Ещё из Уфы, 2 октября, циркулярной телеграммой на имя российского поверенного в делах в Копенгагене за подписью председателя Авксентьева и секретаря Кругликова новое «Всероссийское правительство» объявляло себя urbi et orbi избранным «всенародным собранием»[493] и преемником власти Временного правительства 1917 г. Русский народ, объединившись вокруг Вр. пр., борется для освобождения страны от большевицкой власти, существование которой покоится на германских и венгерских войсках. Всенародное собрание передало «верховную власть» на всей территории Государства Российского Директории. «Вследствие чего, — гласило циркулярное послание, — Вам поручается Вр. Рос. пр-ом осведомиться у Правительства, при коем Вы аккредитованы, признает ли оно нас единственной законной русской властью и готово ли аккредитовать своего дипломатического представителя при Вр. Рос. пр.». Такое заявление, пожалуй, было смешно в омской обстановке. Разговаривая с Авксентьевым по прямому проводу из Владивостока (до переезда Директории в Омск), Вологодский предупреждал его: «На Дальнем Востоке международное положение в общих чертах рисуется так. Союзники желают иметь перед собой определившееся правительство, поэтому отношение к всероссийской власти пока очень сдержанное. Они с появлением этой власти видят очередные фигуры в нашем многовластии и поэтому очень осторожны. Сиб. правительство с большими усилиями достигло положения более или менее сносного, и, не признавая его как суверенное, считались с ним как с фактически завоевавшим себе международное положение. Поэтому в переговорах с ними мне приходится всеми силами сохранять позиции Сибирского правительства как величины, с которой так или иначе считаются. Должен сознаться, что таинственная история в Омске[494] несколько поколебала основы, положенные нами». «Поэтому я и впредь буду исходить из этого соображения значения Сибправительства и всероссийской власти», — с откровенностью говорил Вологодский, рисуя наличную обстановку. На это Авксентьев отвечал: «Иностранцы могут видеть какую угодно фигуру во Всероссийском правительстве, ибо это их дело, но мы добьёмся признания, так как от России и её областей с иностранцами должно говорить только Всерос. правительство. Правительство поручило мне просить вас представлять именно Российское правительство и до конца уяснить нашу точку зрения»[495]. Всё это красиво, но и только, в момент, когда, по признанию самого Авксентьева, земля горела под ногами.
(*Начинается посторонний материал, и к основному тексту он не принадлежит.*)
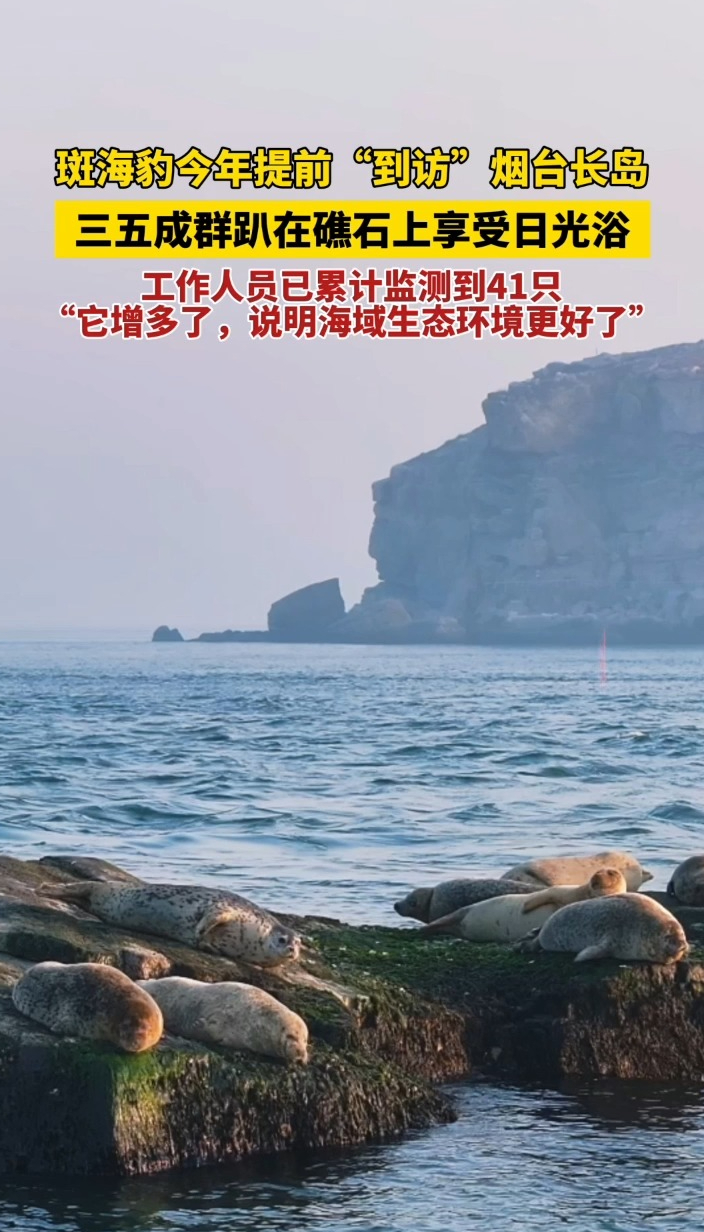 果然视频|斑海豹今年提前“到访”烟台长岛,已累计监测到41只齐鲁晚报·齐鲁壹点客户端 昨天21:20原创斑海豹今年提前“到访”烟台长岛,三五成群趴在礁石上享受日光浴。近日,长岛国家海洋公园管理中心监测显示,今年斑海豹洄游启动早、个体活跃度高,已累计监测到个体41只,常年留守数量从3—4只稳步增加到7只,种群保护成效明显。工作人员介绍,“它增多了,说明海域生态环境更好了。”(齐鲁晚报·齐鲁壹点 钟建军 后期 武春虎)

Демократическая коллегия, желавшая представлять из себя «коллективного монарха», вообще склонна была к авторитарным приёмам, забывая, что истинная авторитарность не определяется внешней показной стороной. В этом грехе обвиняет Директорию не кто иной, как один из её членов, Вологодский [интервью в «Заре», № 6][496]. Авторитарность подчас проявлялась действительно не к месту. Вот, например, беседа Зензинова с журналистом. Представитель Директории — «Его однопятое величество» — говорит, что никакого насаждения частноземельной собственности не будет допущено — «пусть это зарубят у себя на носу реставраторы старых порядков». Можно было бы не поверить этому интервью, если бы оно не было напечатано в «Вест. Рос. Пр.» от 13 ноября. Это безапелляционное заявление делается тогда, когда Директория доживала уже последние дни, когда весь Омск говорил о необходимости диктатуры как единственного выхода из создавшегося положения, а представитель Англии, сэр Эллиот, посетив Мин. ин. дел, больше всего интересовался вопросом: может ли власть гарантировать владение земельной собственностью (из официальной переписки). Отсюда, очевидно, и вытекли наблюдения Болдырева, которому Зензинов представлялся всегда пишущим передовую статью в партийной газете! Его особенно ненавидели омские общественные круги — добавляет Болдырев: «платился за грехи партии» [с. 69].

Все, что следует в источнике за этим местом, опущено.